Anna pursed her babyish lips. “A prison, that’s what it’s been.” Though
undeniably an imposing one: a tree-girdled red-brick colonial, all massive chimneys,
creeping ivy, and black shutters, with a sweeping stone-balustraded terrace
overlooking the lake, slate-colored now under a dull metallic sky.

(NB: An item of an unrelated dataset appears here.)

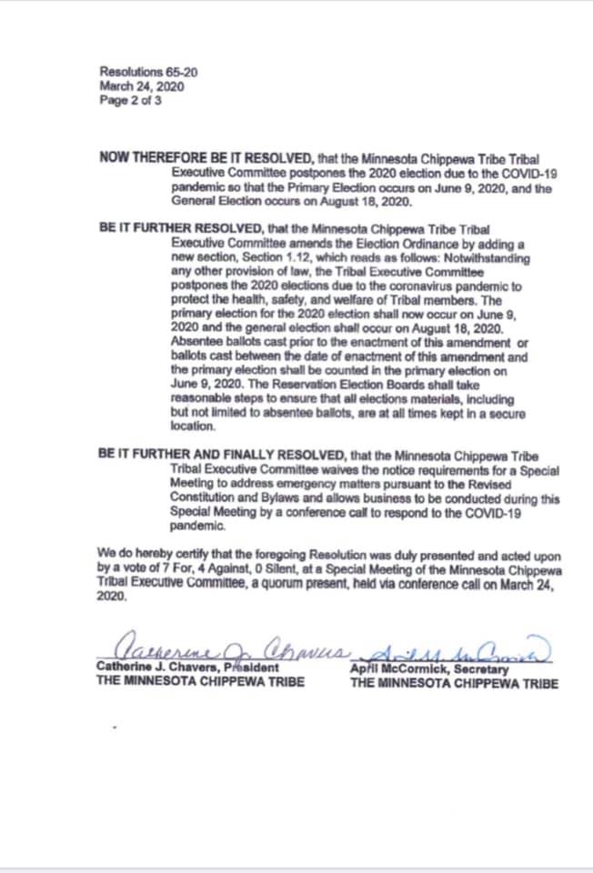 Please click here for a letter to Band members from Chief Executive Melanie Benjamin and Secretary/Treasurer Sheldon Boyd.
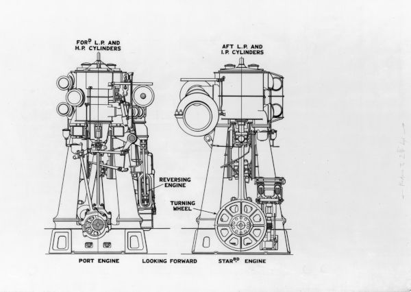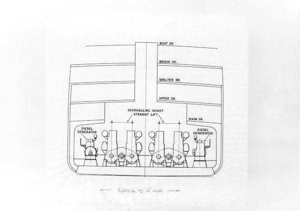 - Photograph, Harland and Wolff. Subject : DRAWING: CROSS SECTION OF SHIP SHOWING POSITION OF DIESEL ENGINES.

Anna helped Maureen with her bags. “A hatbox? Don’t tell me women wear
hats in the wilds of New Mexico.”

Maureen smiled. “I don’t use it for hats.” In the foyer she unstrapped the lid
and carefully lifted out a heavy receptacle. “One of my replicas of a Cochiti
polychrome storage jar.” Globe-shaped, with a short tapering neck about as wide as
a fist, it was decorated with a bird motif between bands of brilliant black and red.
“The perforated stopper’s my own concession to modernity, so it can be used for a
variety of purposes.”

Anna gushed over the workmanship but when she would have examined it
more closely Maureen stopped her with a laugh. “No, no, mustn’t touch. It’s a gift
for Carter.”

“For Carter?”
“Oh, I have something for you, too, but I thought Carter might be less
antagonistic—if I brought him something special. You wrote about his passion for
rock candy. Well, the jar’s full of rock candy.”